WORK TASK> Keeping every word intact, reproduce all of the records.

DATASET ENTRIES>
# # # # # # #
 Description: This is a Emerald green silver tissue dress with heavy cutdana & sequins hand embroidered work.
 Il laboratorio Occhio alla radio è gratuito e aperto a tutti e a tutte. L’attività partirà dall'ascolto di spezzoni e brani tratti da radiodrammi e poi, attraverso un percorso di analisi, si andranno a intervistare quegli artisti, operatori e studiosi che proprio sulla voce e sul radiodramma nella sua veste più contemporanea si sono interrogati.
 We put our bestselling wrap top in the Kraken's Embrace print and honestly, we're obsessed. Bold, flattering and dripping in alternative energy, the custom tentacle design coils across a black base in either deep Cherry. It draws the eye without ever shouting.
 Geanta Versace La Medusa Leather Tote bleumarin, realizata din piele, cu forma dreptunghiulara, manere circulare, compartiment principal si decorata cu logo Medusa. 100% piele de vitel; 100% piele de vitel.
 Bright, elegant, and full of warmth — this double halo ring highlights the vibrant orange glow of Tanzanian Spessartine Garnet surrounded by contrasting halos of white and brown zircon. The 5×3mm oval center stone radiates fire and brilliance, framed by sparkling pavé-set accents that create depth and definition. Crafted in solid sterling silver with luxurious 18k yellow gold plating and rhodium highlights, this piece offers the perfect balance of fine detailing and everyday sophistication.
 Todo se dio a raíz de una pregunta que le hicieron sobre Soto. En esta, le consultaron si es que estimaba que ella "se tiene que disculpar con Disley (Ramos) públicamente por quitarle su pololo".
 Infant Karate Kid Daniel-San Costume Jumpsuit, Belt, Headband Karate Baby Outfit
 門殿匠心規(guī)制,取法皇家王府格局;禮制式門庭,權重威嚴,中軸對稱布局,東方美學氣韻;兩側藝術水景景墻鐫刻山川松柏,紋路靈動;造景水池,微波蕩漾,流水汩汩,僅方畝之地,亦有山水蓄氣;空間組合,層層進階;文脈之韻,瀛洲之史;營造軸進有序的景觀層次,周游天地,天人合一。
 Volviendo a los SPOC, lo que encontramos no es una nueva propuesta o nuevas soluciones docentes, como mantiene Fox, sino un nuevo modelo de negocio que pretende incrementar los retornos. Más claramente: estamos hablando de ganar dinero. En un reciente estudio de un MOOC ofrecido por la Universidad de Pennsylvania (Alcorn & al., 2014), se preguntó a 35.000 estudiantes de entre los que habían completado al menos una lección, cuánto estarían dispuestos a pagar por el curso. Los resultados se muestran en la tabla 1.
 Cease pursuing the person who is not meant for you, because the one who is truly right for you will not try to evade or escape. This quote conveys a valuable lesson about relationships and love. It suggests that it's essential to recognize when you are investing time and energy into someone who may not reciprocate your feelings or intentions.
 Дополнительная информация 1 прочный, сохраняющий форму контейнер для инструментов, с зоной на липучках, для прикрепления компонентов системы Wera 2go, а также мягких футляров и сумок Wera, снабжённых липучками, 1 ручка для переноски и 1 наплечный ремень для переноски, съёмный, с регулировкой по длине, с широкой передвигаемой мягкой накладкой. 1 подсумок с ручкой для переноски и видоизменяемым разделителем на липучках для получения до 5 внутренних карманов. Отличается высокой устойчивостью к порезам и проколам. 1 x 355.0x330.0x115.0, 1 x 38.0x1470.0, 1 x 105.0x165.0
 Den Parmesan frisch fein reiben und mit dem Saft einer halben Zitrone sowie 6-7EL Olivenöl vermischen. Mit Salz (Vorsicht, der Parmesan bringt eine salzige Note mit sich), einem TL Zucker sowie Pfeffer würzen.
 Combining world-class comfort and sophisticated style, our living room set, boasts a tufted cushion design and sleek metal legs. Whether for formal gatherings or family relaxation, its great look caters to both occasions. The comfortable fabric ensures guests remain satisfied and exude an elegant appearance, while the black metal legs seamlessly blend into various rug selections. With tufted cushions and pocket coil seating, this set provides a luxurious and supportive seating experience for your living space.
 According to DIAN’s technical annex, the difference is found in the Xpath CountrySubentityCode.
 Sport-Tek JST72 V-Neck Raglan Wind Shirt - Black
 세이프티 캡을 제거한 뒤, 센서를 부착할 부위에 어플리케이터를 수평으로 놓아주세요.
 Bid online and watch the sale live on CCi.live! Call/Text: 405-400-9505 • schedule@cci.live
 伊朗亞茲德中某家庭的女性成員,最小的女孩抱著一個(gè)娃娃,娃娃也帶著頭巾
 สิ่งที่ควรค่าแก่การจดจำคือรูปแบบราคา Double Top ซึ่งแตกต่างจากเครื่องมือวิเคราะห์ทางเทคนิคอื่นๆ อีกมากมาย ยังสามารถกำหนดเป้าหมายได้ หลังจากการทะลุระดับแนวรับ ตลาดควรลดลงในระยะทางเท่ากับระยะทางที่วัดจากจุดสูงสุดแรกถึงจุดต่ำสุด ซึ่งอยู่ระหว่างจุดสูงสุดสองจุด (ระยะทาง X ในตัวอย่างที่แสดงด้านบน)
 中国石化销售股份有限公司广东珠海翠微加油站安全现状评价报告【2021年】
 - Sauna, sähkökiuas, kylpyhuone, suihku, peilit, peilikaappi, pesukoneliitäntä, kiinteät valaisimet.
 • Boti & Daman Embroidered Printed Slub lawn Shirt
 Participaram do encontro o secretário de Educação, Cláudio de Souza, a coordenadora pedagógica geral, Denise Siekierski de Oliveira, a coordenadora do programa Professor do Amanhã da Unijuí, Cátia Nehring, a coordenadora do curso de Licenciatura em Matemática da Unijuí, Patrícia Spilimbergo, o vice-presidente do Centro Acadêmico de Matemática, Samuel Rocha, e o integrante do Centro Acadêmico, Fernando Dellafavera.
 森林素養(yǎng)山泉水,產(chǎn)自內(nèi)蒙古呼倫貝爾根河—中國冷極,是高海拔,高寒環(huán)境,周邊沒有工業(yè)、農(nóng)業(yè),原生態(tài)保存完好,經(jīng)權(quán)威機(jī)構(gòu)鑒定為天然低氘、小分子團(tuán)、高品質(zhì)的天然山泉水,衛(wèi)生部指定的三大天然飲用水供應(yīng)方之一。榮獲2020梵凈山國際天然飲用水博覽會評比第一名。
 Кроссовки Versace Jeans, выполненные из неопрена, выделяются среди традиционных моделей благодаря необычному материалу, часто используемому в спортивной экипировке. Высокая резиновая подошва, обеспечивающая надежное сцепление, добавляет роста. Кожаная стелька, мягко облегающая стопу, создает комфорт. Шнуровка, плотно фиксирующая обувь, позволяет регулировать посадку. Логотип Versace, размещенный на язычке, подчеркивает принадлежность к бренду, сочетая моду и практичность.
# # # # # # #
TASK OUTPUT>
 Description: This is a Emerald green silver tissue dress with heavy cutdana & sequins hand embroidered work.
 Il laboratorio Occhio alla radio è gratuito e aperto a tutti e a tutte. L’attività partirà dall'ascolto di spezzoni e brani tratti da radiodrammi e poi, attraverso un percorso di analisi, si andranno a intervistare quegli artisti, operatori e studiosi che proprio sulla voce e sul radiodramma nella sua veste più contemporanea si sono interrogati.
 We put our bestselling wrap top in the Kraken's Embrace print and honestly, we're obsessed. Bold, flattering and dripping in alternative energy, the custom tentacle design coils across a black base in either deep Cherry. It draws the eye without ever shouting.
 Geanta Versace La Medusa Leather Tote bleumarin, realizata din piele, cu forma dreptunghiulara, manere circulare, compartiment principal si decorata cu logo Medusa. 100% piele de vitel; 100% piele de vitel.
 Bright, elegant, and full of warmth — this double halo ring highlights the vibrant orange glow of Tanzanian Spessartine Garnet surrounded by contrasting halos of white and brown zircon. The 5×3mm oval center stone radiates fire and brilliance, framed by sparkling pavé-set accents that create depth and definition. Crafted in solid sterling silver with luxurious 18k yellow gold plating and rhodium highlights, this piece offers the perfect balance of fine detailing and everyday sophistication.
 Todo se dio a raíz de una pregunta que le hicieron sobre Soto. En esta, le consultaron si es que estimaba que ella "se tiene que disculpar con Disley (Ramos) públicamente por quitarle su pololo".
 Infant Karate Kid Daniel-San Costume Jumpsuit, Belt, Headband Karate Baby Outfit
 門殿匠心規(guī)制,取法皇家王府格局;禮制式門庭,權重威嚴,中軸對稱布局,東方美學氣韻;兩側藝術水景景墻鐫刻山川松柏,紋路靈動;造景水池,微波蕩漾,流水汩汩,僅方畝之地,亦有山水蓄氣;空間組合,層層進階;文脈之韻,瀛洲之史;營造軸進有序的景觀層次,周游天地,天人合一。
 Volviendo a los SPOC, lo que encontramos no es una nueva propuesta o nuevas soluciones docentes, como mantiene Fox, sino un nuevo modelo de negocio que pretende incrementar los retornos. Más claramente: estamos hablando de ganar dinero. En un reciente estudio de un MOOC ofrecido por la Universidad de Pennsylvania (Alcorn & al., 2014), se preguntó a 35.000 estudiantes de entre los que habían completado al menos una lección, cuánto estarían dispuestos a pagar por el curso. Los resultados se muestran en la tabla 1.
 Cease pursuing the person who is not meant for you, because the one who is truly right for you will not try to evade or escape. This quote conveys a valuable lesson about relationships and love. It suggests that it's essential to recognize when you are investing time and energy into someone who may not reciprocate your feelings or intentions.
 Дополнительная информация 1 прочный, сохраняющий форму контейнер для инструментов, с зоной на липучках, для прикрепления компонентов системы Wera 2go, а также мягких футляров и сумок Wera, снабжённых липучками, 1 ручка для переноски и 1 наплечный ремень для переноски, съёмный, с регулировкой по длине, с широкой передвигаемой мягкой накладкой. 1 подсумок с ручкой для переноски и видоизменяемым разделителем на липучках для получения до 5 внутренних карманов. Отличается высокой устойчивостью к порезам и проколам. 1 x 355.0x330.0x115.0, 1 x 38.0x1470.0, 1 x 105.0x165.0
 Den Parmesan frisch fein reiben und mit dem Saft einer halben Zitrone sowie 6-7EL Olivenöl vermischen. Mit Salz (Vorsicht, der Parmesan bringt eine salzige Note mit sich), einem TL Zucker sowie Pfeffer würzen.
 Combining world-class comfort and sophisticated style, our living room set, boasts a tufted cushion design and sleek metal legs. Whether for formal gatherings or family relaxation, its great look caters to both occasions. The comfortable fabric ensures guests remain satisfied and exude an elegant appearance, while the black metal legs seamlessly blend into various rug selections. With tufted cushions and pocket coil seating, this set provides a luxurious and supportive seating experience for your living space.
 According to DIAN’s technical annex, the difference is found in the Xpath CountrySubentityCode.
 Sport-Tek JST72 V-Neck Raglan Wind Shirt - Black
 세이프티 캡을 제거한 뒤, 센서를 부착할 부위에 어플리케이터를 수평으로 놓아주세요.
 Bid online and watch the sale live on CCi.live! Call/Text: 405-400-9505 • schedule@cci.live
 伊朗亞茲德中某家庭的女性成員,最小的女孩抱著一個(gè)娃娃,娃娃也帶著頭巾
 สิ่งที่ควรค่าแก่การจดจำคือรูปแบบราคา Double Top ซึ่งแตกต่างจากเครื่องมือวิเคราะห์ทางเทคนิคอื่นๆ อีกมากมาย ยังสามารถกำหนดเป้าหมายได้ หลังจากการทะลุระดับแนวรับ ตลาดควรลดลงในระยะทางเท่ากับระยะทางที่วัดจากจุดสูงสุดแรกถึงจุดต่ำสุด ซึ่งอยู่ระหว่างจุดสูงสุดสองจุด (ระยะทาง X ในตัวอย่างที่แสดงด้านบน)
 中国石化销售股份有限公司广东珠海翠微加油站安全现状评价报告【2021年】
 - Sauna, sähkökiuas, kylpyhuone, suihku, peilit, peilikaappi, pesukoneliitäntä, kiinteät valaisimet.
 • Boti & Daman Embroidered Printed Slub lawn Shirt
 Participaram do encontro o secretário de Educação, Cláudio de Souza, a coordenadora pedagógica geral, Denise Siekierski de Oliveira, a coordenadora do programa Professor do Amanhã da Unijuí, Cátia Nehring, a coordenadora do curso de Licenciatura em Matemática da Unijuí, Patrícia Spilimbergo, o vice-presidente do Centro Acadêmico de Matemática, Samuel Rocha, e o integrante do Centro Acadêmico, Fernando Dellafavera.
 森林素養(yǎng)山泉水,產(chǎn)自內(nèi)蒙古呼倫貝爾根河—中國冷極,是高海拔,高寒環(huán)境,周邊沒有工業(yè)、農(nóng)業(yè),原生態(tài)保存完好,經(jīng)權(quán)威機(jī)構(gòu)鑒定為天然低氘、小分子團(tuán)、高品質(zhì)的天然山泉水,衛(wèi)生部指定的三大天然飲用水供應(yīng)方之一。榮獲2020梵凈山國際天然飲用水博覽會評比第一名。
 Кроссовки Versace Jeans, выполненные из неопрена, выделяются среди традиционных моделей благодаря необычному материалу, часто используемому в спортивной экипировке. Высокая резиновая подошва, обеспечивающая надежное сцепление, добавляет роста. Кожаная стелька, мягко облегающая стопу, создает комфорт. Шнуровка, плотно фиксирующая обувь, позволяет регулировать посадку. Логотип Versace, размещенный на язычке, подчеркивает принадлежность к бренду, сочетая моду и практичность.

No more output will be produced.